Exercise description: Return the whole listing exactly as written.

Supplied data:
== Segment start ==

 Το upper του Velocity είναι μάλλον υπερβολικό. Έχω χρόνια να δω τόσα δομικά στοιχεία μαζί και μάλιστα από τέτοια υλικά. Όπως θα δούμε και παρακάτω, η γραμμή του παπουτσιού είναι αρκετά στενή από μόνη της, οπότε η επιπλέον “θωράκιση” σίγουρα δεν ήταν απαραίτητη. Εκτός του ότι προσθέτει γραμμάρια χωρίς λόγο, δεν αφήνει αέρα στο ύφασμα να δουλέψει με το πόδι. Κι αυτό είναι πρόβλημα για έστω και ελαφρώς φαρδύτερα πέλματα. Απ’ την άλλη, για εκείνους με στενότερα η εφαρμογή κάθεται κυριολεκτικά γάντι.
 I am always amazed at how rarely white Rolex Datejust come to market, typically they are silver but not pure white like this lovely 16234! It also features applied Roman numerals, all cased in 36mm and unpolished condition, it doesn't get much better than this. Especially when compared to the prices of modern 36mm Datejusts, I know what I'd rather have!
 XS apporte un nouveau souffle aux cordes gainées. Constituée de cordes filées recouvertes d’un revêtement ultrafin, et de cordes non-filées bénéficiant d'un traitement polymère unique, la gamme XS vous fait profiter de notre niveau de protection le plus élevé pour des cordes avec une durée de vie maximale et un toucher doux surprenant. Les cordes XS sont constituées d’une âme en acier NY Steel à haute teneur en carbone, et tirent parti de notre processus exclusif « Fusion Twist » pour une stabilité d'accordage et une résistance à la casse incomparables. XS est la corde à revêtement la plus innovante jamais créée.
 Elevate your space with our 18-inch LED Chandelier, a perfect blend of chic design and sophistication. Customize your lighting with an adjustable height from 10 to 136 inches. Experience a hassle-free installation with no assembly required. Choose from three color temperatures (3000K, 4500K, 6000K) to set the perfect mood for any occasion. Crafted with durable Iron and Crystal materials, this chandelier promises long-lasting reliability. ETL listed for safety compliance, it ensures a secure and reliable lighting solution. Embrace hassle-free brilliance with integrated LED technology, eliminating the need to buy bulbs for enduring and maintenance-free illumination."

== Segment end ==

Expected answer:
 Το upper του Velocity είναι μάλλον υπερβολικό. Έχω χρόνια να δω τόσα δομικά στοιχεία μαζί και μάλιστα από τέτοια υλικά. Όπως θα δούμε και παρακάτω, η γραμμή του παπουτσιού είναι αρκετά στενή από μόνη της, οπότε η επιπλέον “θωράκιση” σίγουρα δεν ήταν απαραίτητη. Εκτός του ότι προσθέτει γραμμάρια χωρίς λόγο, δεν αφήνει αέρα στο ύφασμα να δουλέψει με το πόδι. Κι αυτό είναι πρόβλημα για έστω και ελαφρώς φαρδύτερα πέλματα. Απ’ την άλλη, για εκείνους με στενότερα η εφαρμογή κάθεται κυριολεκτικά γάντι.
 I am always amazed at how rarely white Rolex Datejust come to market, typically they are silver but not pure white like this lovely 16234! It also features applied Roman numerals, all cased in 36mm and unpolished condition, it doesn't get much better than this. Especially when compared to the prices of modern 36mm Datejusts, I know what I'd rather have!
 XS apporte un nouveau souffle aux cordes gainées. Constituée de cordes filées recouvertes d’un revêtement ultrafin, et de cordes non-filées bénéficiant d'un traitement polymère unique, la gamme XS vous fait profiter de notre niveau de protection le plus élevé pour des cordes avec une durée de vie maximale et un toucher doux surprenant. Les cordes XS sont constituées d’une âme en acier NY Steel à haute teneur en carbone, et tirent parti de notre processus exclusif « Fusion Twist » pour une stabilité d'accordage et une résistance à la casse incomparables. XS est la corde à revêtement la plus innovante jamais créée.
 Elevate your space with our 18-inch LED Chandelier, a perfect blend of chic design and sophistication. Customize your lighting with an adjustable height from 10 to 136 inches. Experience a hassle-free installation with no assembly required. Choose from three color temperatures (3000K, 4500K, 6000K) to set the perfect mood for any occasion. Crafted with durable Iron and Crystal materials, this chandelier promises long-lasting reliability. ETL listed for safety compliance, it ensures a secure and reliable lighting solution. Embrace hassle-free brilliance with integrated LED technology, eliminating the need to buy bulbs for enduring and maintenance-free illumination."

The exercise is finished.